From 2027, Wales may introduce a tourism tax of up to £1.25 per night. The proposed visitor levy would apply to guests staying in hotels, B&Bs and self-catered accommodation in areas where local councils choose to implement it.
For stays in hostels and campsites, a lower rate of 75p per night is proposed. The levy, which will be charged per person, per night aims to raise funds to support services in popular tourist areas.
The Welsh government estimates the tax could generate around £33 million annually if adopted widely, though not all councils are expected to implement it. Councils would have the flexibility to increase the rate in the future, subject to consultations and a 12-month notice period.
Certain exemptions will apply, including stays longer than 31 nights, individuals in temporary accommodation, and residents of homeless hostels.
Critics argue the tax could harm the tourism sector, with claims that the government should be supporting the industry rather than imposing new charges. However, some who operate in the sector or live in areas of high visitor frequency feel that the tourism tax would bring a welcome financial contribution to areas popular with tourists, which inevitably comes at a cost.
Local amenities such as toilets, car parks and accessible paths could benefit from the extra income the tax could bring which in turn would support the community and improve visitor experience.
Tourism taxes are common across the globe, with dozens of countries and cities implementing these levies to fund infrastructure, services or environmental preservation. European countries like France, Italy, Spain and the Netherlands charge per-night fees or percentages based on accommodation types and cities. Amsterdam, for instance, applies a 12.5% tax on accommodation, while other cities might charge flat fees ranging from €1 to €15 depending on hotel ratings or seasons.
The legislation for the levy was published on Monday the 18th of November and must be approved by the Welsh Parliament. If passed, the earliest implementation date would be April 2027.

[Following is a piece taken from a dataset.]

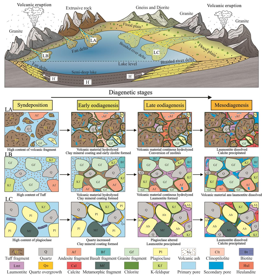 近日,我院朱世发教授研究团队在沸石类矿物—浊沸石的系统研究方面取得了重要进展。浊沸石是一种富钙沸石,常以自生矿物的形式出现于沉积岩中,由于其形成所需条件的特殊性以及在酸性环境中表现出的显著不稳定性,为分析沉积-成岩系统和寻找中-深层高品质储层提供了关键的地质线索。研究表明,浊沸石通常以连晶和斑状胶结物、裂缝充填物、交代产物的形式发育于垂向上相互叠置的三角洲水下分流河道砂体中,富含斜长石的砂岩或富含火山物质的砂砾岩是其形成的有利岩石类型。沉积岩中的浊沸石是典型的低Si/Al沸石(2.00-2.20),其化学组成不受温度和产状影响,形成方式包括斜长石的钠长石化、火山物质转化、片沸石等早期沸石转化等。流体包裹体测温数据表明沉积岩中浊沸石的形成温度主要在60-140℃之间,斜长石和火山物质向浊沸石的转化可以在较大的温度范围内持续进行,而片沸石向浊沸石的转化温度通常大于90℃。高pH、低pCO2、富Ca2+的流体条件是浊沸石生成的关键因素,Na+的存在有利于降低浊沸石生成反应的平衡温度。虽然早期形成的浊沸石占据了原生孔隙,但它也有助于抵抗压实作用,由于发育良好的解理和较大的内部空腔体积,浊沸石比其他铝硅酸盐更容易在酸性流体中溶解,浊沸石溶孔发育带更是油气聚集成藏的有利区带。该研究系统的综述了中国陆相湖盆沉积岩中浊沸石的研究进展,探讨了砂砾岩中浊沸石的成因、形成演化模式及其对油气储层的影响,为火山-沉积盆地成岩系统研究及中深层-超深层含浊沸石砂砾岩优质储层发育机理研究提供了一定的理论基础。

Revenue from the tax will be ring-fenced for specific purposes including promoting tourism, supporting the Welsh language, and improving infrastructure or services used by visitors. Officials said the levy has been designed to be straightforward, with a uniform rate for adults and children.
The tourism tax has certainly had mixed reactions amongst Countryside Alliance members and supporters, however the majority of those I have spoken to over the summer have opposed the idea and see it as another tax on their efforts to diversify their farm business into tourism, which is already struggling to be viable following the Welsh government’s decision in August 2024 to give local councils the power to charge higher council tax premiums on second homes and holiday lets.
To re-cap, if a property is set up as a holiday let business but does not reach the required 182-day or 252-day thresholds, it will be charged council tax instead of business rates, as well as any council tax premium the council has introduced.
We shall see if the required piece of legislation is passed, which fairly likely.